## Source information
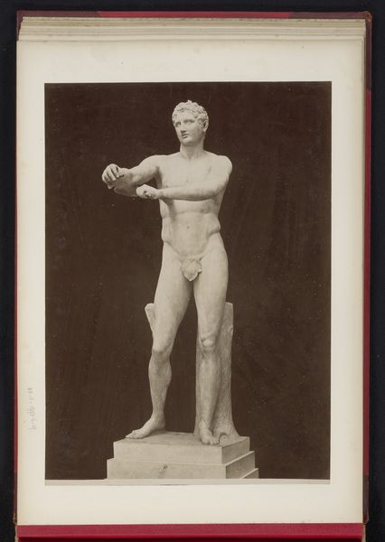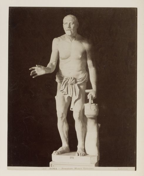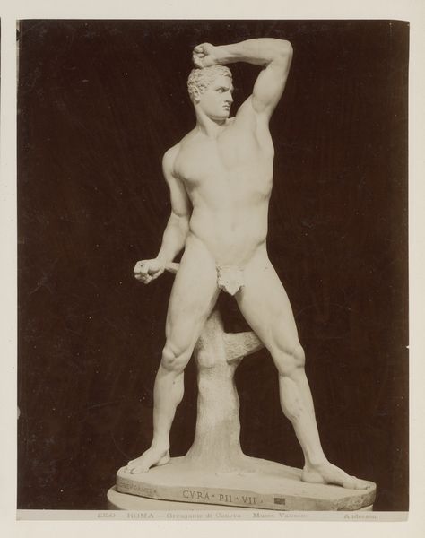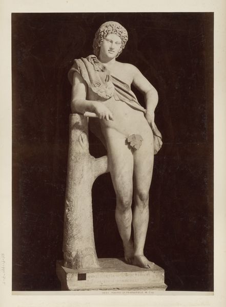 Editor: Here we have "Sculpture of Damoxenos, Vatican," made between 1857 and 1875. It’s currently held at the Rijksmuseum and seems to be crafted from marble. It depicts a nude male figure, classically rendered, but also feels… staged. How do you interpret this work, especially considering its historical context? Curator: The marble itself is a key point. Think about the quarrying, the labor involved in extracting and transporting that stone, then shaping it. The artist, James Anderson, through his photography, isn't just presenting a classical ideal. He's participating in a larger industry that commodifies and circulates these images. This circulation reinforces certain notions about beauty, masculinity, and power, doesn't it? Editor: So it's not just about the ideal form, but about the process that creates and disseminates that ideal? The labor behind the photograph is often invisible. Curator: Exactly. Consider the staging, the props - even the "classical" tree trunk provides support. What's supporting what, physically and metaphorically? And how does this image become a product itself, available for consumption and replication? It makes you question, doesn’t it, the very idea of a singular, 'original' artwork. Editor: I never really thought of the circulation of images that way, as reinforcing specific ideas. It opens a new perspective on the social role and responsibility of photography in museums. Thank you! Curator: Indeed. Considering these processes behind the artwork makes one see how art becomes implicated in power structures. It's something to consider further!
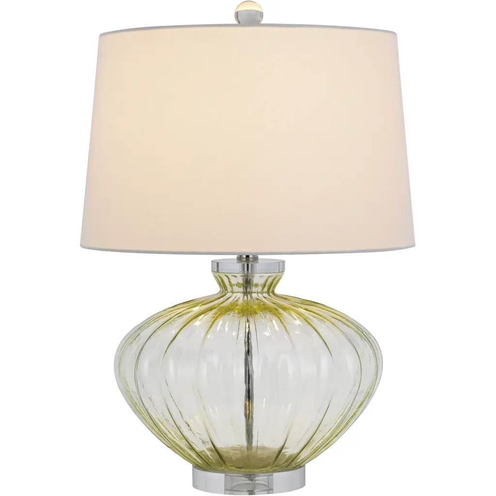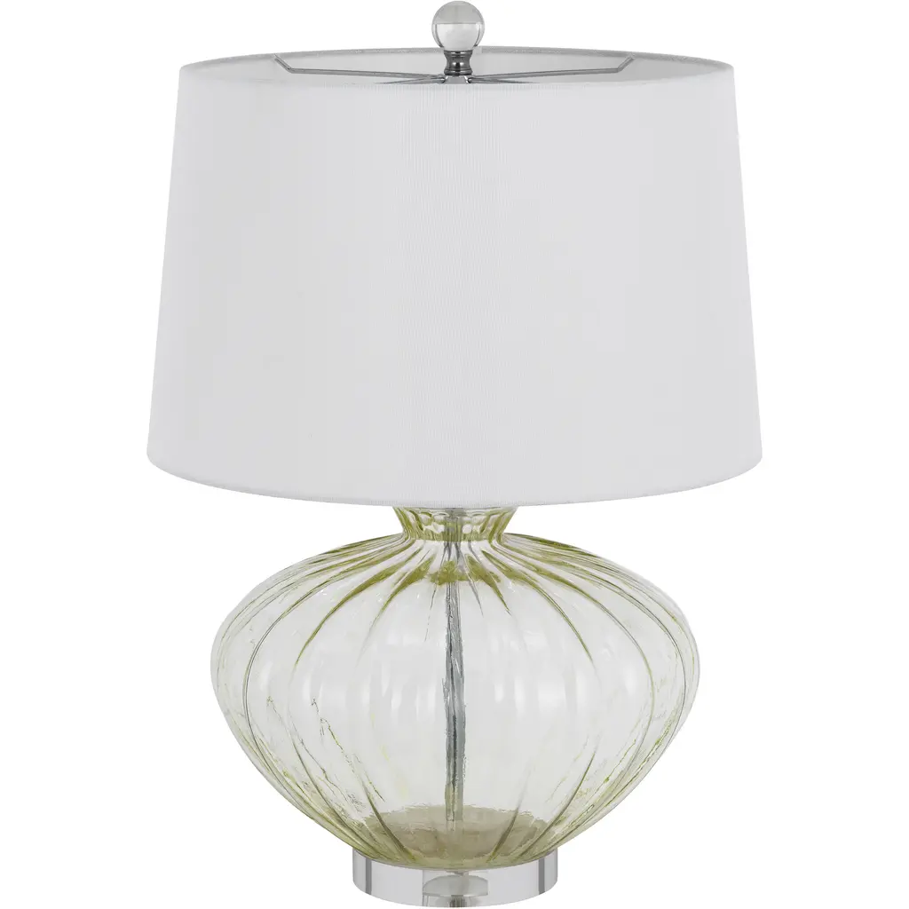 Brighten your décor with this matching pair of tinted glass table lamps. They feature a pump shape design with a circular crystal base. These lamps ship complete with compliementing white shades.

--

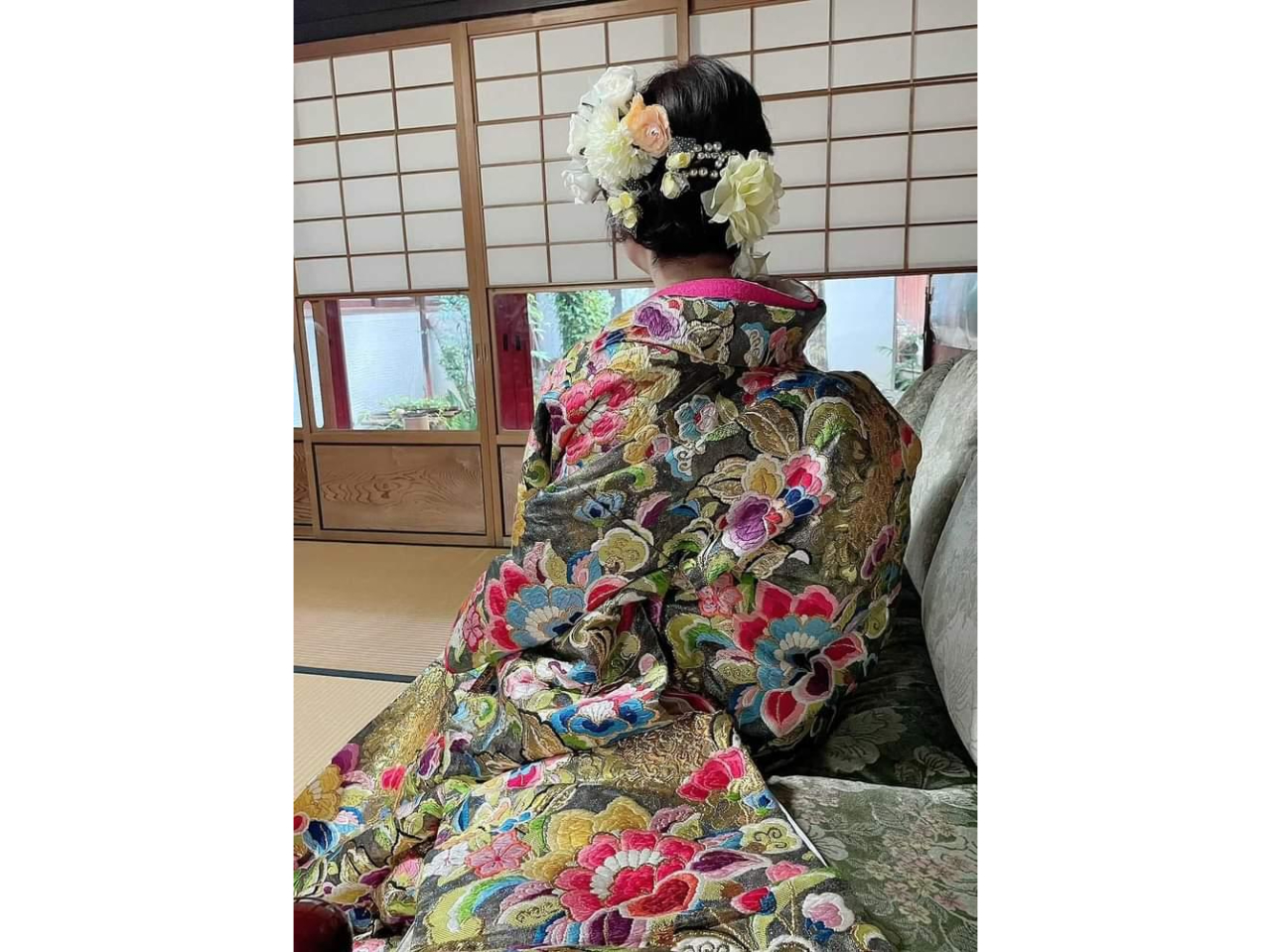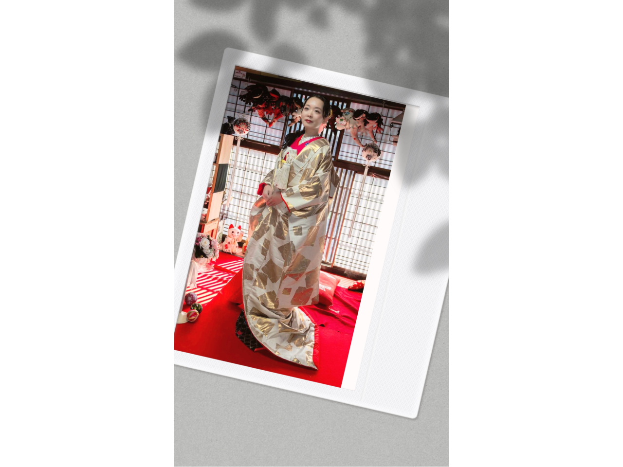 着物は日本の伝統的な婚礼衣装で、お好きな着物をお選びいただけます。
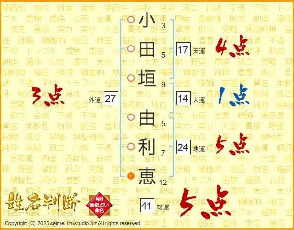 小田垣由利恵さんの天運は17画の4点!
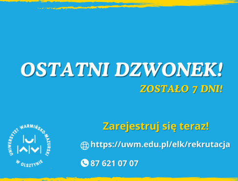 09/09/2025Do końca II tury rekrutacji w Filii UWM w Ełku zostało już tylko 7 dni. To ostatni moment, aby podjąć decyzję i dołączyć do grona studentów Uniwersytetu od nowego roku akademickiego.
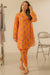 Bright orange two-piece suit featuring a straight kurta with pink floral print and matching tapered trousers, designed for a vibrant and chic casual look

...

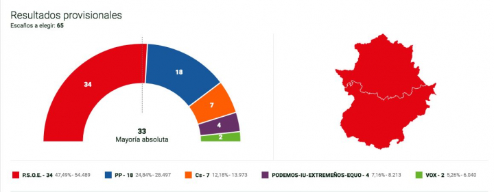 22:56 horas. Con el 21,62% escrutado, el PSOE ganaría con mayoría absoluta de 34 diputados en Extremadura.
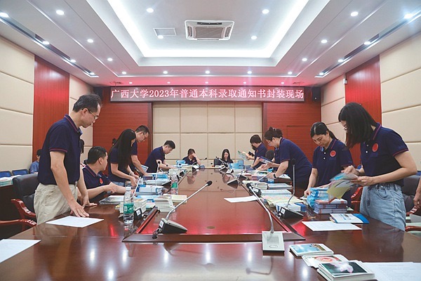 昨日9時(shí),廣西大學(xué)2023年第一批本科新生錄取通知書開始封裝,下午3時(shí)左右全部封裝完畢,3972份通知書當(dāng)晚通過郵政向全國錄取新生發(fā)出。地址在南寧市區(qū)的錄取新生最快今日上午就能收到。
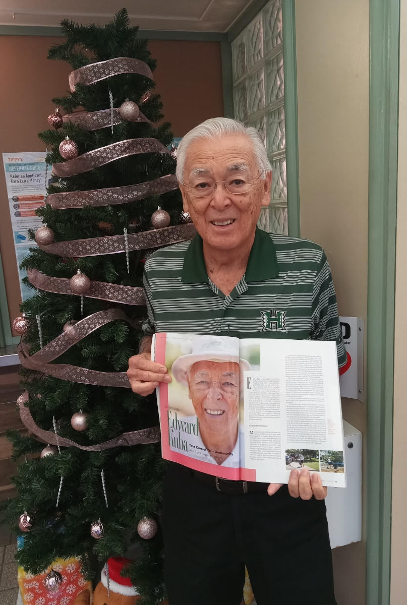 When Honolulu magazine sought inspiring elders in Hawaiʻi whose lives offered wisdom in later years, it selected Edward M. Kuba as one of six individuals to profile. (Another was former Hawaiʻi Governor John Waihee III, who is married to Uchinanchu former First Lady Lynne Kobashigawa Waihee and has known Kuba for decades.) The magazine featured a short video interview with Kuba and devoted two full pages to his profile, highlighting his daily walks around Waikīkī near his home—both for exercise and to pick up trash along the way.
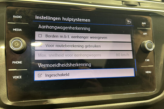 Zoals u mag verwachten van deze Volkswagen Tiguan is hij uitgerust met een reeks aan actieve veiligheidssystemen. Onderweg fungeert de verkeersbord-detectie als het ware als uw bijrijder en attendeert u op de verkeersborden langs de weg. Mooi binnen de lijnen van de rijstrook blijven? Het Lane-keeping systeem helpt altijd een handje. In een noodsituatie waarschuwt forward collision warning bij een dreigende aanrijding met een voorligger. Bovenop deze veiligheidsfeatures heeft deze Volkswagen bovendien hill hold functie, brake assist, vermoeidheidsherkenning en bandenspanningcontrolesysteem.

## Exercise
What belongs in the answer is each line above from the line with "22:56 horas. Con" to the line with "昨日9時(shí),廣西大學", inclusive, reproduced exactly and free of pictures.

## Response to this task
 22:56 horas. Con el 21,62% escrutado, el PSOE ganaría con mayoría absoluta de 34 diputados en Extremadura.
 昨日9時(shí),廣西大學(xué)2023年第一批本科新生錄取通知書開始封裝,下午3時(shí)左右全部封裝完畢,3972份通知書當(dāng)晚通過郵政向全國錄取新生發(fā)出。地址在南寧市區(qū)的錄取新生最快今日上午就能收到。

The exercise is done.